Former hospital in Saint-Laurent-du-Maroni, French Guiana

André-Bouron Hospital (French: Hôpital André-Bouron) was a hospital in Saint-Laurent-du-Maroni, French Guiana. Established in the 1870s for both civilians and penal colony inmates, the hospital closed on 27 September 2018. The hospital was declared a historical monument on 9 March 1999.

==History==
The first iteration of the hospital in Saint-Laurent-du-Maroni was founded during the 1870s, and treated both civilians and inmates from the penal colony. In order to meet the needs of a growing population, the construction of hospital buildings began in 1882.

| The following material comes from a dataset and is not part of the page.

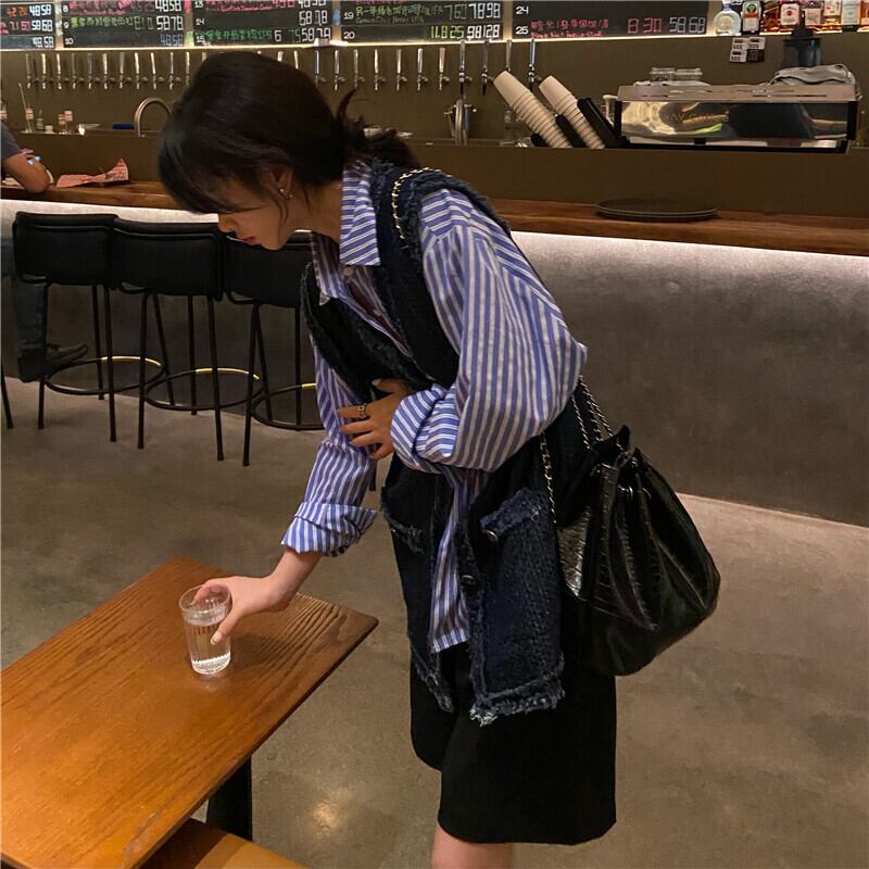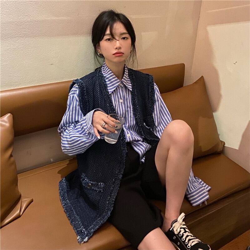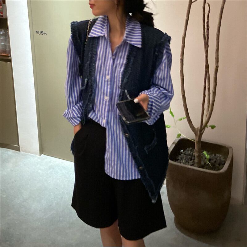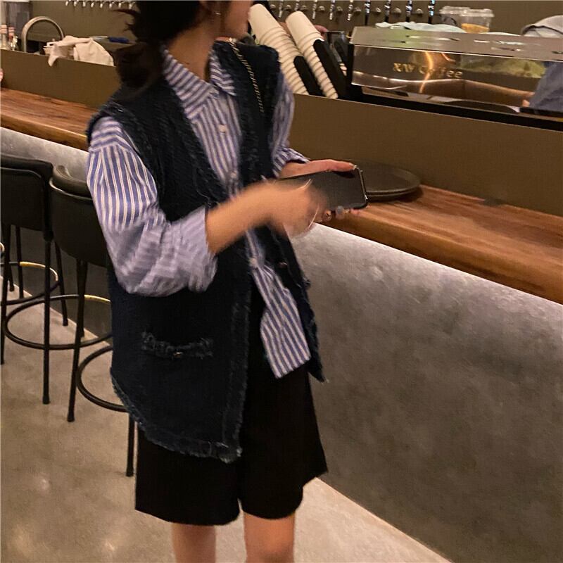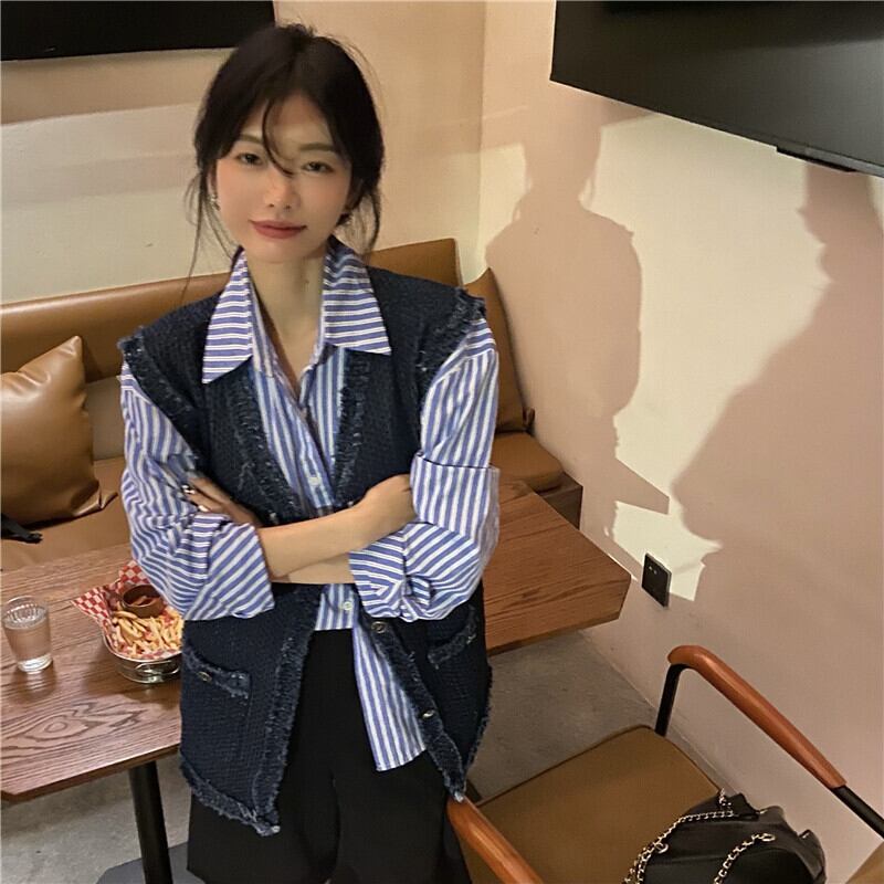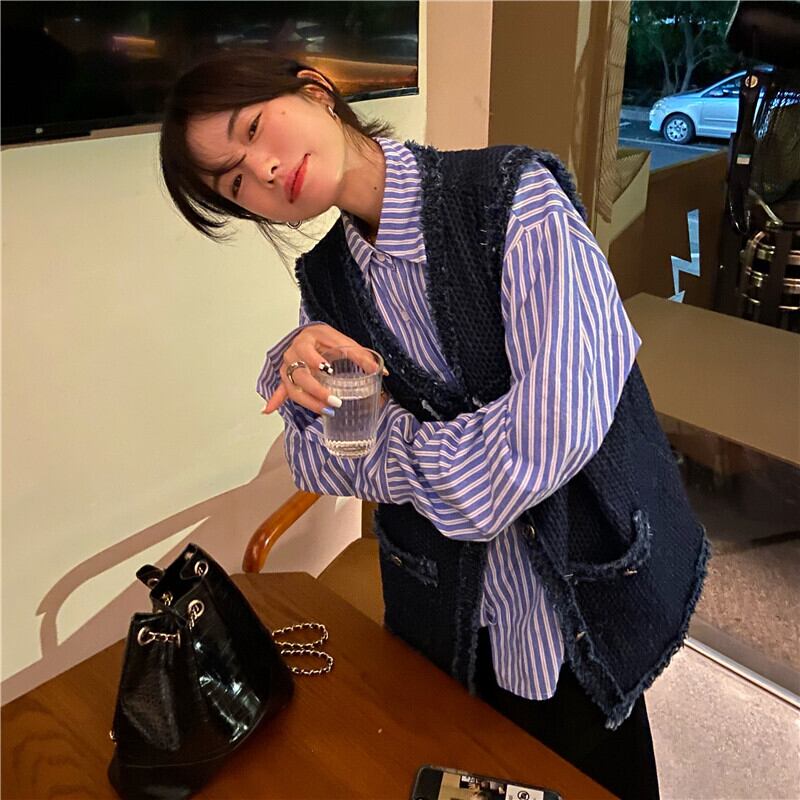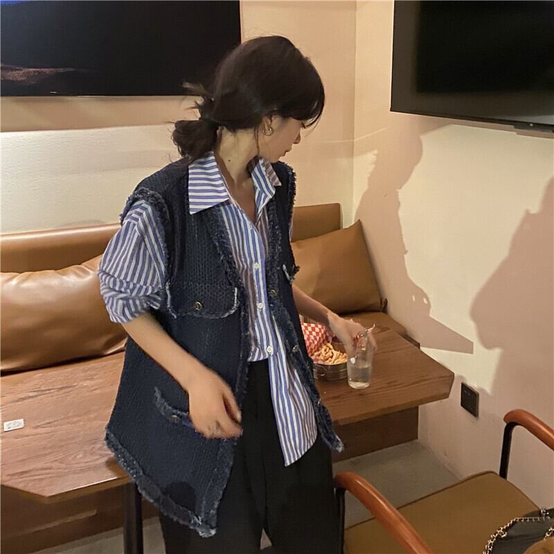スタンダードオータムルーズVネックノースリーブトップス レトロ 秋物 モンロー70784384382
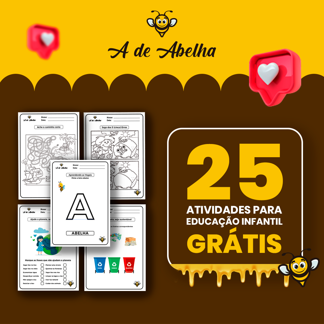 Com mais de 700 atividades para crianças entre 2 anos e 8 anos de idade, a apostila do A de Abelha é um material de apoio completo que garante momentos de diversão e aprendizado entre pais e filhos. A apostila, que é enviada diretamente para o seu e-mail pronta para imprimir, apresenta um conteúdo variado e de qualidade para educação infantil, com módulos que incluem atividades sobre o alfabeto, operações numéricas, sons, língua inglesa, sustentabilidade, entre outras áreas!

The hospital was reconstructed in 1899 with a pavilion system. Two pavilions were for the free citizens and eight for the prisoners. In 1912, the hospital was extended to 400 beds, and was the largest hospital in the French colonies. In 1972, the hospital was modernized and named after Charles-Louis André Bouron, the former chief surgeon. The capacity was reduced to 274 beds, and three services were offered: general medicine, surgery and gynaecology. The terrain also contained a hospice with 175 beds.

On 9 March 1999, the hospital was declared a historical monument. In August 2000, Centre Hospitalier de l’Ouest Guyanais was opened to replace the hospital. Initially, the new hospital had a capacity of 183 beds, however it was being extended for 325 beds. André-Bouron Hospital closed on 27 September 2018.